* GIVEN ENTRIES *
-=-=-=-=-

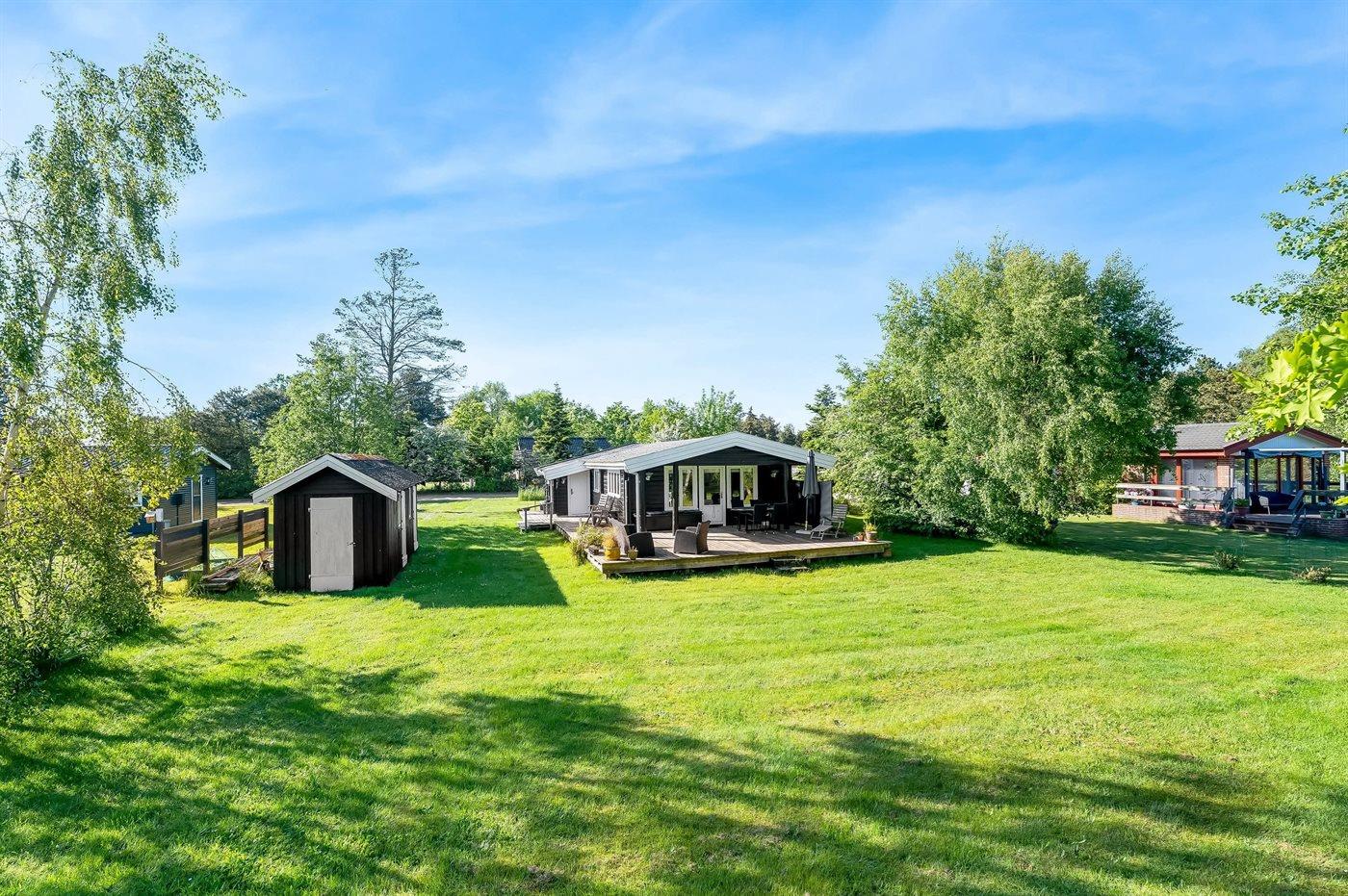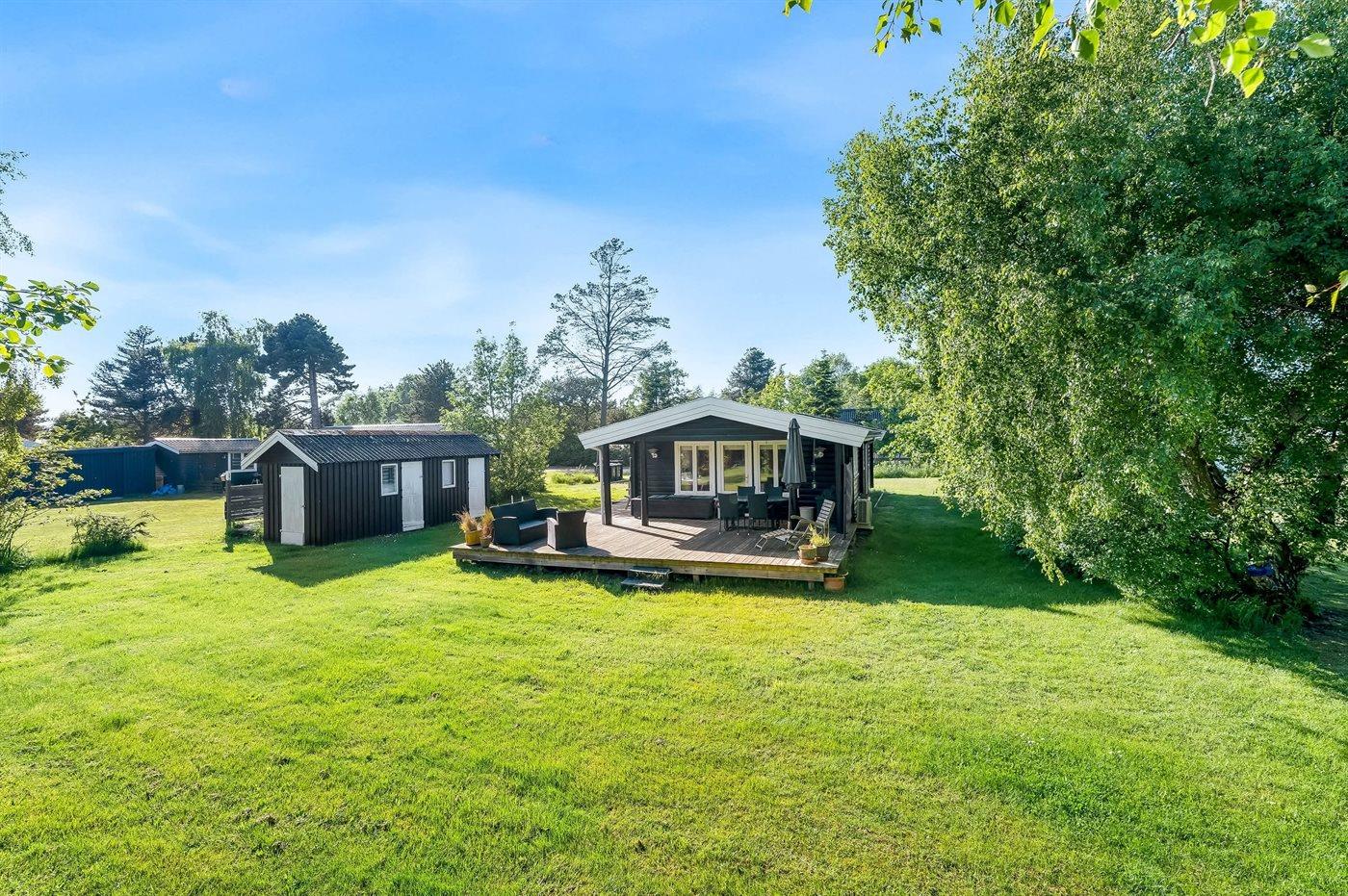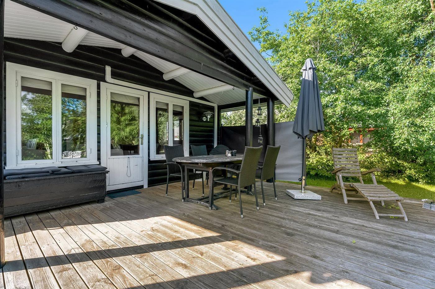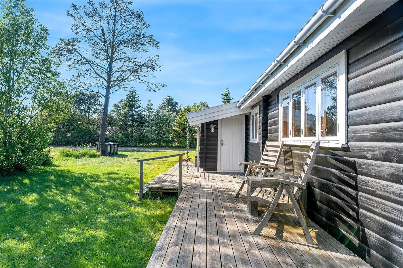 Til huset hører en dejlig stor terrasse, hvor der er god plads til masser af timer i det fri - her kan man nyde solen, læse en god bog og nyde sommerens grillaftener. Haven er velegnet til boldspil og leg.
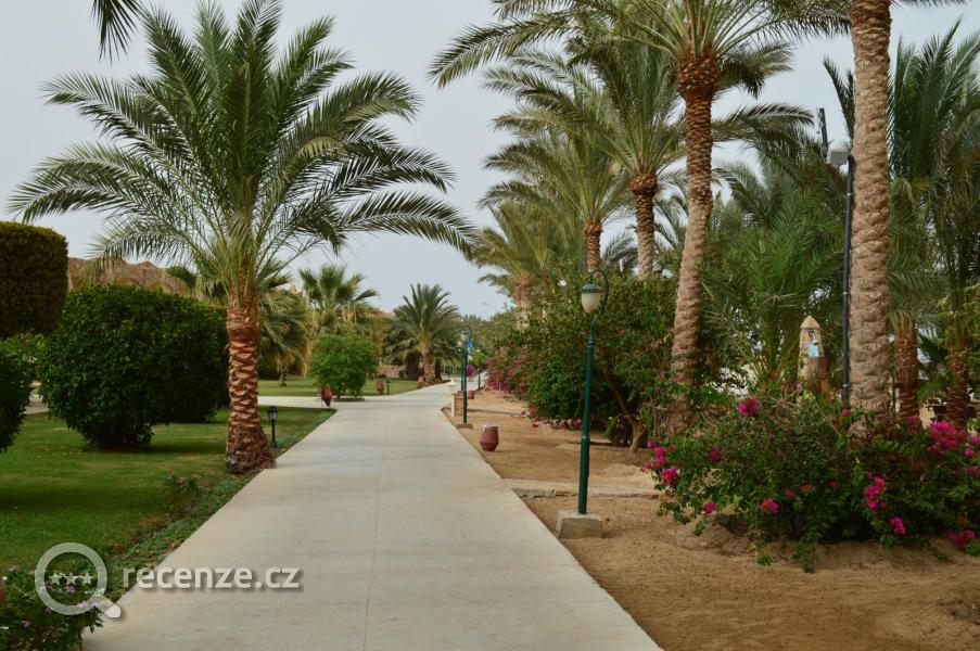 Zeleň, zeleň a zeleň. Vylezla jsem na balkon a viděla palmy, zelenou a hustou trávu, keře, stromy, květiny. Je až neuvěřitelné, že když vylezete na druhé straně směřující na konec areálu, vidíte poušť a po zelené barvě ani zmínka.
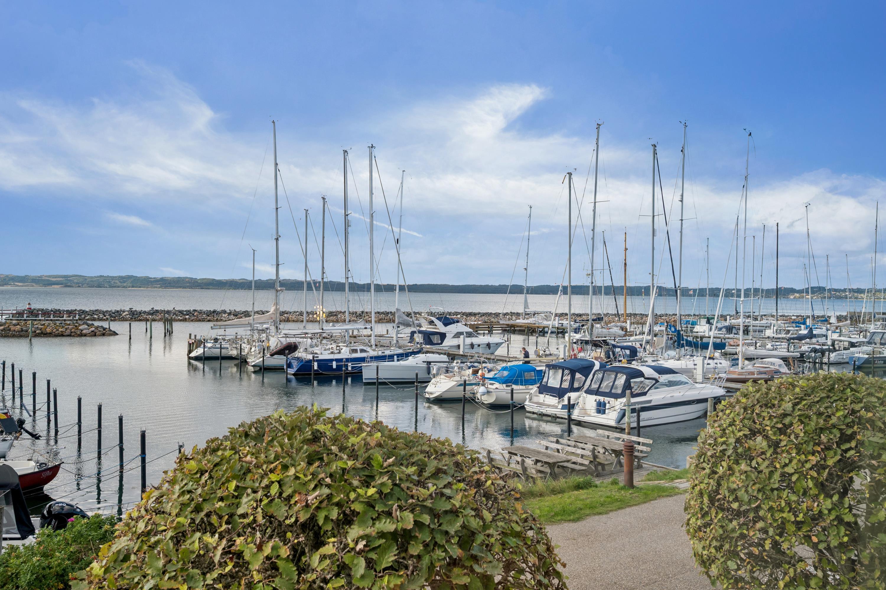 Flot rækkehus på Skudehavnen med udsigt over lystbådehavnen og kort afstand til Ebeltofts gamle bydel.
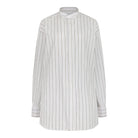This elegant AMI Paris off-white cotton button-down shirt features classic vertical stripes and a timeless silhouette that effortlessly bridges professional and casual styling.
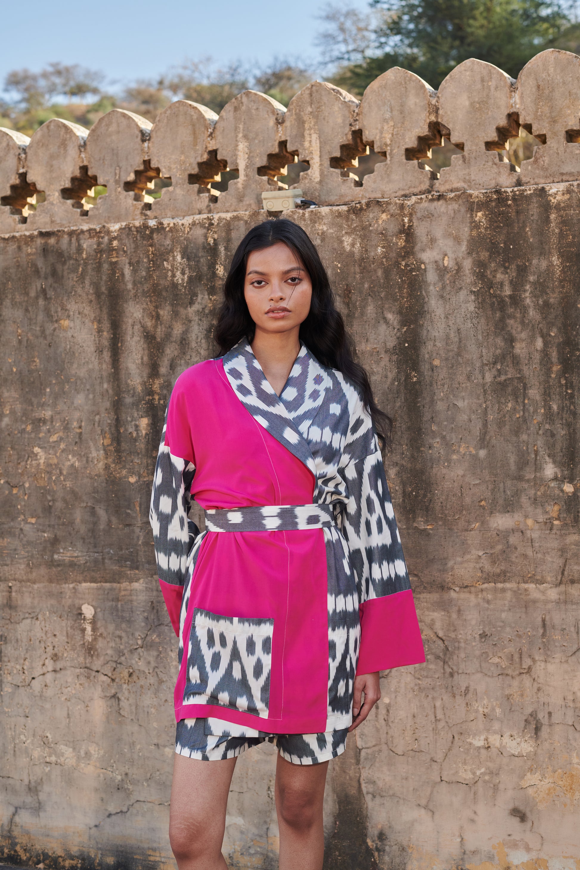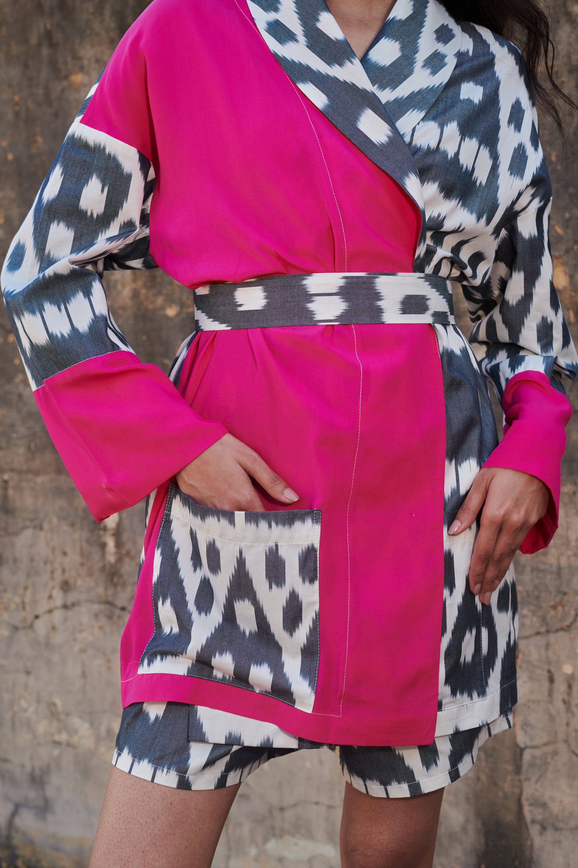 Blending tradition with modern elegance, the Rouge Kimono Blazer boasts a contemporary print in black and white with a contrasting bright pink colour. Vibrant yet timeless, this piece features front patch pockets and is perfect for a day or an evening look.
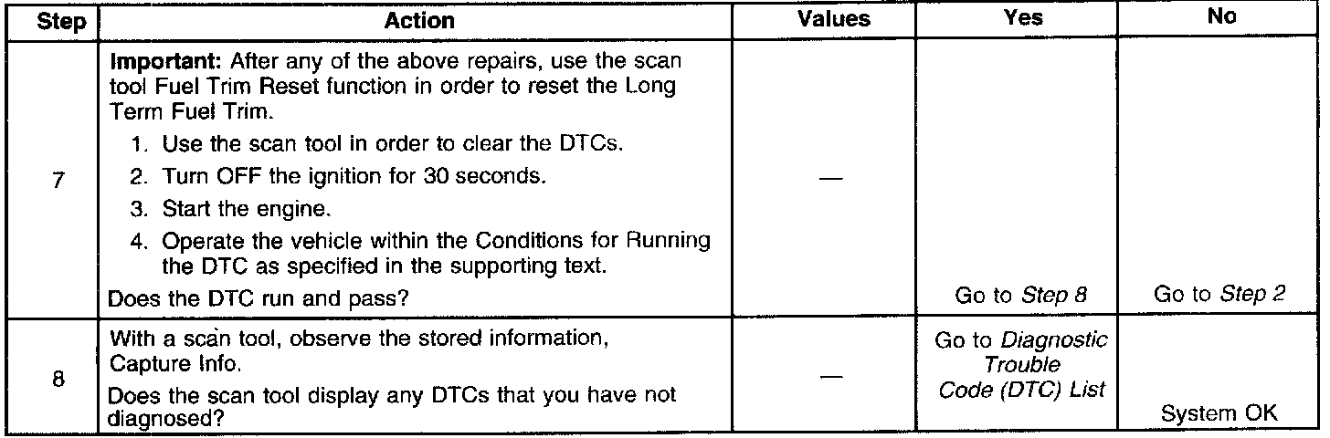 The powertrain control module (PCM) controls the air/fuel metering system in order to provide the best possible combination of driveability, fuel economy, and emission control. Fuel delivery is controlled differently during open and closed loop. During open loop, the PCM determines fuel delivery based on sensor signals without oxygen sensor input. During closed loop, the oxygen sensor inputs are added and used by the PCM to calculate short and long term fuel trim fuel delivery adjustments. If the oxygen sensors indicate a lean condition, the fuel trim values will be above 0 percent. If the oxygen sensors indicate a rich condition, the fuel trim values will be below 0 percent. Short term fuel trim values change rapidly in response to the heated oxygen sensor (HO2S) voltage signals. Long term fuel trim makes coarse adjustments in order to maintain an air/fuel ratio of 14.7:1. The fuel trim diagnostic will conduct a test to determine if a rich failure actually exists, or if excessive vapor from the evaporative emission (EVAP) canister is causing a rich condition. If the PCM detects an excessively rich condition, this DTC will set. If the PCM detects excessive vapor, then a pass is logged.
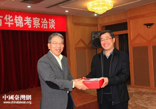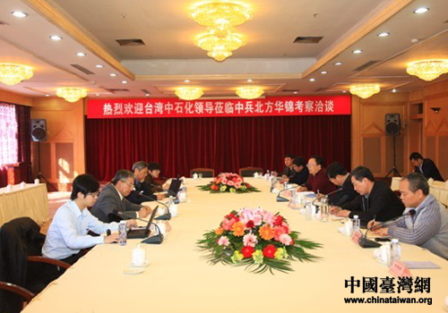 台湾客人和北方华锦集团领导洽谈现场。(图片来源:盘锦市台办)
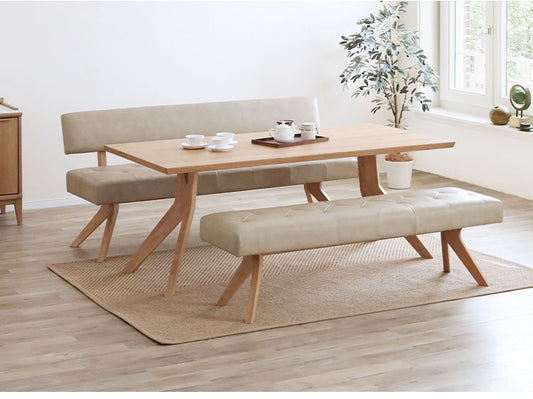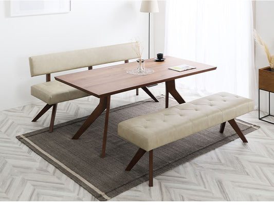 ダイニングチェア 幅150cm 背もたれ付き 座面高42cm 木脚 ファブリック 木製 北欧 おしゃれ ミディアムブラウン ライトブラウン 食卓椅子 リビング ダイニング 椅子 チェア(代引不可)
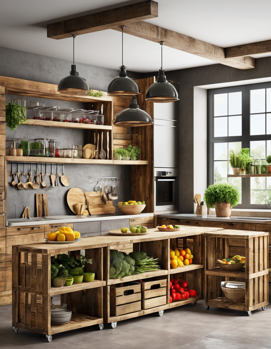 Rustic Kitchen Storage Solutions with Wooden Crates
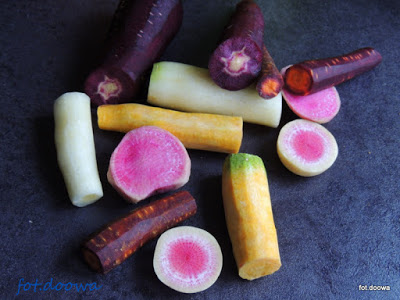 Jakiś czas temu zakupiłam całą masę kolorowych marchwi i były to żółte, czarne, fioletowe i białe.
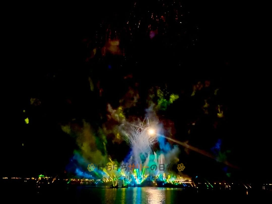 レーザーや噴水が上手く融合して、時に本当のオーロラを見たかのように空は美しく輝くし、花火もディズニーらしい構成になってて本当に美しい😍
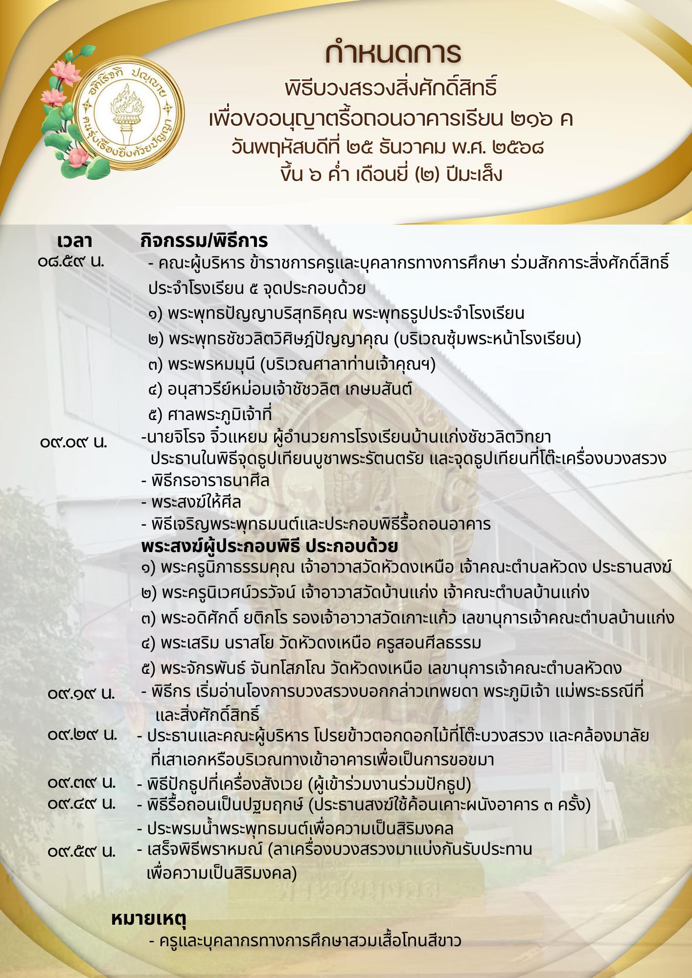มุ่งการเรียน เพียรธรรม นำวิชาการ ประสานสามัคคี
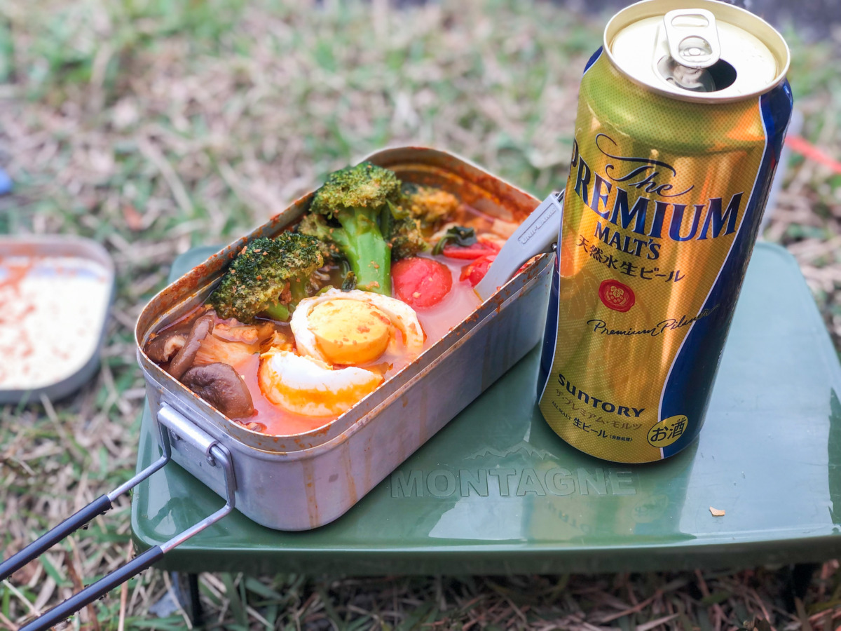 この日はソロで、巻機山のふもとキャンプ場にテントを張り前泊。夜ごはんは無印のトムヤムクンキットと、家で下ごしらえしてきた食材をメスティンへ入れるだけで簡単に。栄養バランスを考えた具材がたっぷりで、〆にフォーを入れていただきます。

-=-=-=-=-

* YOUR TASK *
Word for word, repeat each line of the records, and leave every image out.

* SOLVED PROBLEM *
 Til huset hører en dejlig stor terrasse, hvor der er god plads til masser af timer i det fri - her kan man nyde solen, læse en god bog og nyde sommerens grillaftener. Haven er velegnet til boldspil og leg.
 Zeleň, zeleň a zeleň. Vylezla jsem na balkon a viděla palmy, zelenou a hustou trávu, keře, stromy, květiny. Je až neuvěřitelné, že když vylezete na druhé straně směřující na konec areálu, vidíte poušť a po zelené barvě ani zmínka.
 Flot rækkehus på Skudehavnen med udsigt over lystbådehavnen og kort afstand til Ebeltofts gamle bydel.
This elegant AMI Paris off-white cotton button-down shirt features classic vertical stripes and a timeless silhouette that effortlessly bridges professional and casual styling.
 Blending tradition with modern elegance, the Rouge Kimono Blazer boasts a contemporary print in black and white with a contrasting bright pink colour. Vibrant yet timeless, this piece features front patch pockets and is perfect for a day or an evening look.
 The powertrain control module (PCM) controls the air/fuel metering system in order to provide the best possible combination of driveability, fuel economy, and emission control. Fuel delivery is controlled differently during open and closed loop. During open loop, the PCM determines fuel delivery based on sensor signals without oxygen sensor input. During closed loop, the oxygen sensor inputs are added and used by the PCM to calculate short and long term fuel trim fuel delivery adjustments. If the oxygen sensors indicate a lean condition, the fuel trim values will be above 0 percent. If the oxygen sensors indicate a rich condition, the fuel trim values will be below 0 percent. Short term fuel trim values change rapidly in response to the heated oxygen sensor (HO2S) voltage signals. Long term fuel trim makes coarse adjustments in order to maintain an air/fuel ratio of 14.7:1. The fuel trim diagnostic will conduct a test to determine if a rich failure actually exists, or if excessive vapor from the evaporative emission (EVAP) canister is causing a rich condition. If the PCM detects an excessively rich condition, this DTC will set. If the PCM detects excessive vapor, then a pass is logged.
 台湾客人和北方华锦集团领导洽谈现场。(图片来源:盘锦市台办)
 ダイニングチェア 幅150cm 背もたれ付き 座面高42cm 木脚 ファブリック 木製 北欧 おしゃれ ミディアムブラウン ライトブラウン 食卓椅子 リビング ダイニング 椅子 チェア(代引不可)
 Rustic Kitchen Storage Solutions with Wooden Crates
 Jakiś czas temu zakupiłam całą masę kolorowych marchwi i były to żółte, czarne, fioletowe i białe.
 レーザーや噴水が上手く融合して、時に本当のオーロラを見たかのように空は美しく輝くし、花火もディズニーらしい構成になってて本当に美しい😍
มุ่งการเรียน เพียรธรรม นำวิชาการ ประสานสามัคคี
 この日はソロで、巻機山のふもとキャンプ場にテントを張り前泊。夜ごはんは無印のトムヤムクンキットと、家で下ごしらえしてきた食材をメスティンへ入れるだけで簡単に。栄養バランスを考えた具材がたっぷりで、〆にフォーを入れていただきます。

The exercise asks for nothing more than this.